I am currently trying to use the MSP430G2553 (Launchpad) to send data to the PC using UART. Using the example code provided (below), I was able to do this with a clock of 1MHz. However, I am trying to use a clock of 16MHz and I am not sure what to do, I know how UCA0BR0 is calculated, but 16000000/9600 = 1667 which causes truncation in UCA0BR0.

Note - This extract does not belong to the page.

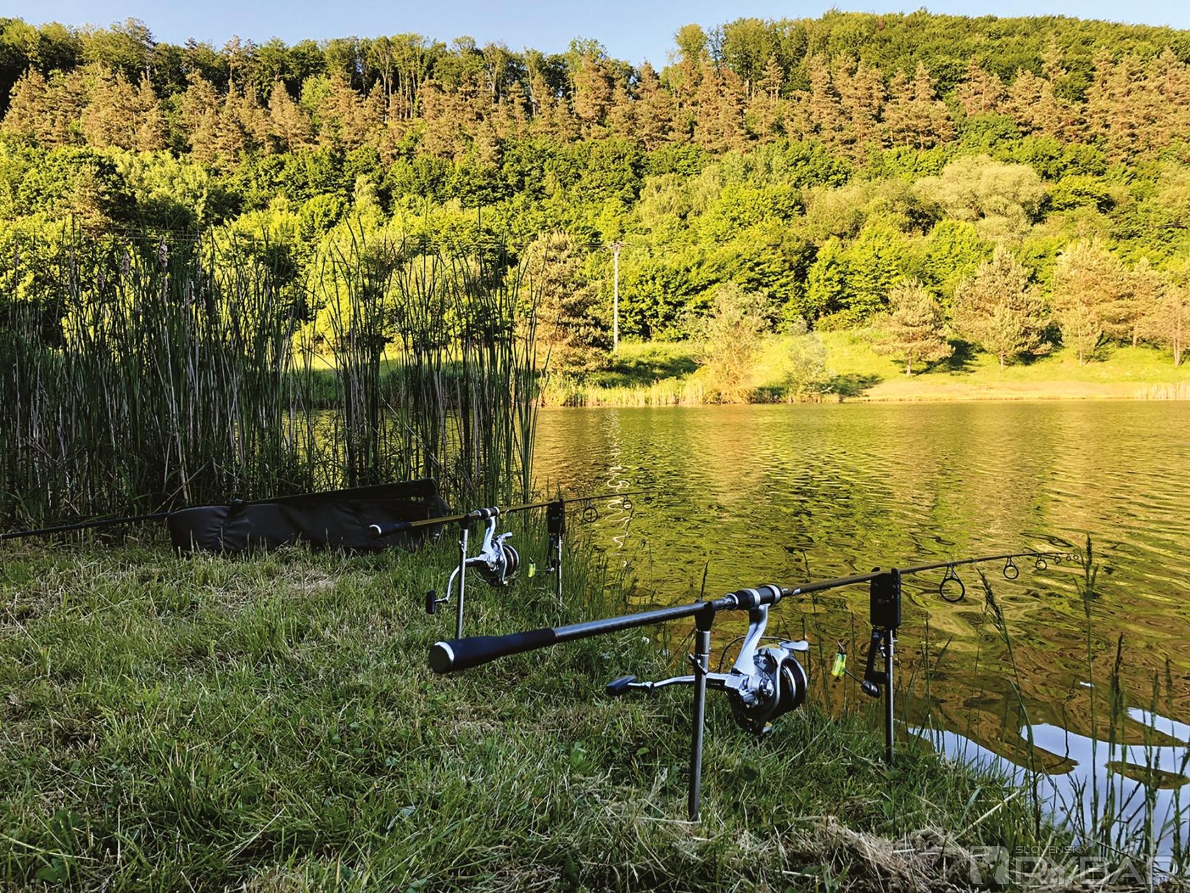 Používam prúty s dĺžkou 12 ft a gramážou 3,25 lb v kombinácii s navijakmi Shimano Ultegra XSC. Túto zostavu mám už niekoľko rokov a som s ňou nadmieru spokojný. Na navijakoch mám navinutý kmeňový vlasec s priemerom 0,30 mm. Na tejto vode šokovku nepoužívam, pretože si to podmienky nevyžadujú.

Can someone explain to me how to get the 9600 Baud Rate with a 16MHz clock instead of a 1MHz clock? Is the UCA0BR1 value for when UCA0BR0 overflows? Also how does UCA0MCTL work, as I cannot find any useful help with setting that value in software from the user guides. Are there any other variables that I would need to set for using this 16MHz clock?

void main(void)

{
WDTCTL = WDTPW + WDTHOLD; // Stop WDT
BCSCTL1 = CALBC1_1MHZ; // Set DCO
DCOCTL = CALDCO_1MHZ;
P1SEL = BIT1 + BIT2 ; // P1.1 = RXD, P1.2=TXD
P1SEL2 = BIT1 + BIT2 ; // P1.1 = RXD, P1.2=TXD
UCA0CTL1 |= UCSSEL_2; // SMCLK
UCA0BR0 = 104; // 1MHz 9600
UCA0BR1 = 0; // 1MHz 9600
UCA0MCTL = UCBRS0; // Modulation UCBRSx = 1
UCA0CTL1 &= ~UCSWRST; // **Initialize USCI state machine**
IE2 |= UCA0RXIE; // Enable USCI_A0 RX interrupt

__bis_SR_register(LPM0_bits + GIE); // Enter LPM0, interrupts enabled
}

// Echo back RXed character, confirm TX buffer is ready first
#pragma vector=USCIAB0RX_VECTOR
__interrupt void USCI0RX_ISR(void)
{
while (!(IFG2&UCA0TXIFG)); // USCI_A0 TX buffer ready?
UCA0TXBUF = 'z';
}

Thanks,

Matt

18 Replies

  • Yes, UCA0BR1 is the "overflow" of UCA0BR0. Hence 1667 is split into UCA0BR1 = 6; and UCA0BR0 = 131;

    (6*256 + 131) = (1536 + 131) = 1667

    This and the details of UCA0MCTL are described in the User's Guide slau144i.pdf Chapter 15

  • Here is tool that you can use for calculation...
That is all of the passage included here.